My son's dad moved away (once his relationship with the woman he left me for broke down and the courts ordered him to pay for the divorce (karma) he didn't see him till he was 1 yr then he's seen him twice since he hasn't seen him since he was 18 months old...but my partner taken him as his own and as much as I have always brought him up to know where he came from he now classes my new partner (of 3 yrs) as his dad .....also I do not bad mouth his biological dad and It won't affect my son as I don't ever let it affect him ...in our area there are some fab free counselling services free of charge and luckily I know some through the line of work I do ...I may look into that soon .Thanks again x

Jun 30, 2014
6 years later... I am now grieving.
by: Doreen UK

Sharon this is so very unfair to have the carpet pulled from under you. How could your husband do this to you? What goes around comes around and I hope you find out that justice is served because no wife deserves to have this happen to her. There seemed to be no reason for you to suspect that he had someone else in his life. As a young married couple. He should have been honest with you. One of the first signs of a man pulling away is him being distant. I hope that you have supportive family to help you work through your loss's. To lose everything causes your world to crumble, and not be able to process fully what has happened. By that time you would have had your baby and busy rearing him and now only able to deal with your grief. It may feel more painful because you repressed this. You could go and see a bereavement counsellor for support. You have to grieve the loss of a marriage, house, and job. So where are you now in your life? e.g. Job, home, and family. What support are you getting from people around you? Your first point of grief will be crying. Don't stop this when the tears come. Honour how you feel and you will pass through the grief easier. Children have a wonderful way of allowing a mother to feel loved, just by a smile or some antic that will fill you with joy. You didn't lose everything. What is the situation between your EX and his child? is he in his life? is he supportive towards his child? These are the problems that will affect your grief and how long you will be in this hard place of struggle. It is so very hard when you have been secure in your life and then to have your world blown apart like this. Grief does catch up with all of us at some time in our life.
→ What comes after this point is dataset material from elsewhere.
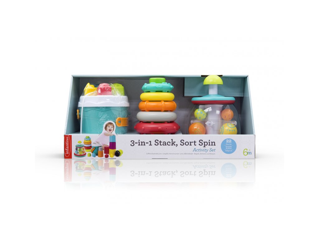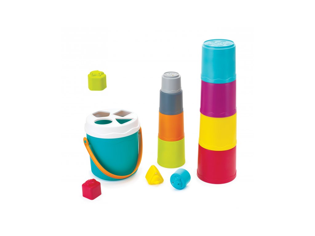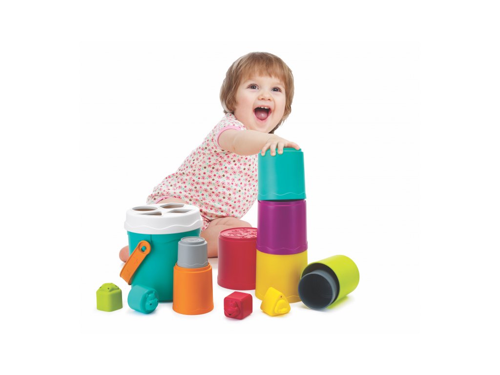 - Stohovacie kelímky v vedierku - osem farebných stohovacích kelímkov, ktoré môžete stavať až do výšky 70 cm alebo naopak vkladať do seba + vedierko s vekom, v ktorom sú otvory štyroch rôznych tvarov, do nich pasujú štyri farebné kocky. Stohovacie kelímky spolu s kockami ľahko zložíte do vedierka, ktoré je opatrené praktickým držadlom.

Because life is like this today. Very difficult. We just don't have a handle on how to grieve and it is such a tough learning curve. When the dust settles it is only then that feeling low starts the whole process of grief. Just get the support you need otherwise it will affect your child. Children have a way of picking up on their mother's emotions. Your husband should have been open and up front so that you would not have to take the heat of the whole problem shattering your world. This was very cruel. You will get through this and become a stronger person. I think life is easier in your part of the U.K. Living in the London area our resources are low and we don't get the support we need. House prices are better up your end. Please write back with an update, and for further support.